I want to select an element with specific text from the HTML using JSoup. The html is
<td style="vertical-align:bottom;text-align:center;width:15%">
<div style="background-color:#FFDD93;font-size:10px;margin:5px auto 0px auto;text-align:left;" class="genbg"><span class="corners-top-subtab"><span></span></span>
<div><b>Pantry/Catering</b>
<div>
<div style="color:#00700B;">✓ Pantry Car Avbl
<br />✓ Catering Avbl</div>
</div>
<div>
<div><span>Dinner is served after departure from NZM on 1st day.;</span>...
<br /><a style="font-size:10px;color:Red;" onClick="expandPost($(this).parent());" href="javascript:void(0);">Read more...</a>
</div>
<div style="display:none;">Dinner :2 chapati, rice, dal and chicken curry (NV) and paneer curry in veg &Ice cream.; Breakfast:2 bread slices with jam and butter. ; Omlet of 2 eggs (Non veg),vada and sambar(veg)..; coffee & lime juice</div>
</div>
</div><span class="corners-bottom-subtab"><span></span></span>
</div>
I want to find the div element containing the text "Pantry/Catering". I tried
doc.select("div:contains(Pantry/Catering)").first();
But this doesnt seem to work. How can I get this element using Jsoup?

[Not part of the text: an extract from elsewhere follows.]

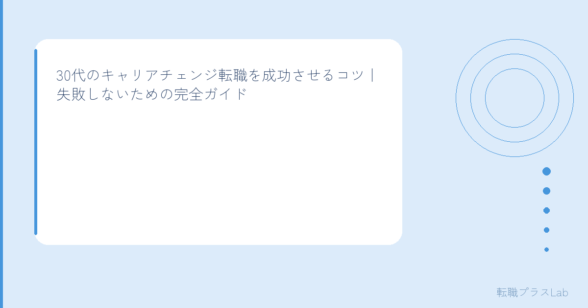 焦らず、でも先延ばしにもせず、今できる準備から始めてみてください。30代のキャリアチェンジは「遅い」んじゃなくて、「経験値がある分、有利にできる」タイミングですよ。

When I run your code it selects the outer div
, while I'm presuming what your looking for is the inner div
. The documentation says that it selects the "elements that contains the specified text". In this simple html:
<div><div><b>Pantry/Catering</b></div></div>
The selector div:contains(Pantry/Catering)
matches twice because both contain the text 'Pantry/Catering':
<!-- First Match -->
<div><div><b>Pantry/Catering</b></div></div>
<!-- Second Match -->
<div><b>Pantry/Catering</b></div>
The matches are always in that order because jsoup matches from the outside. Therefore .first()
always matches the outer div
. To extract the inner div
you could use .get(1)
.
Extracting the inner div
in full:
doc.select("div:contains(Pantry/Catering)").get(1)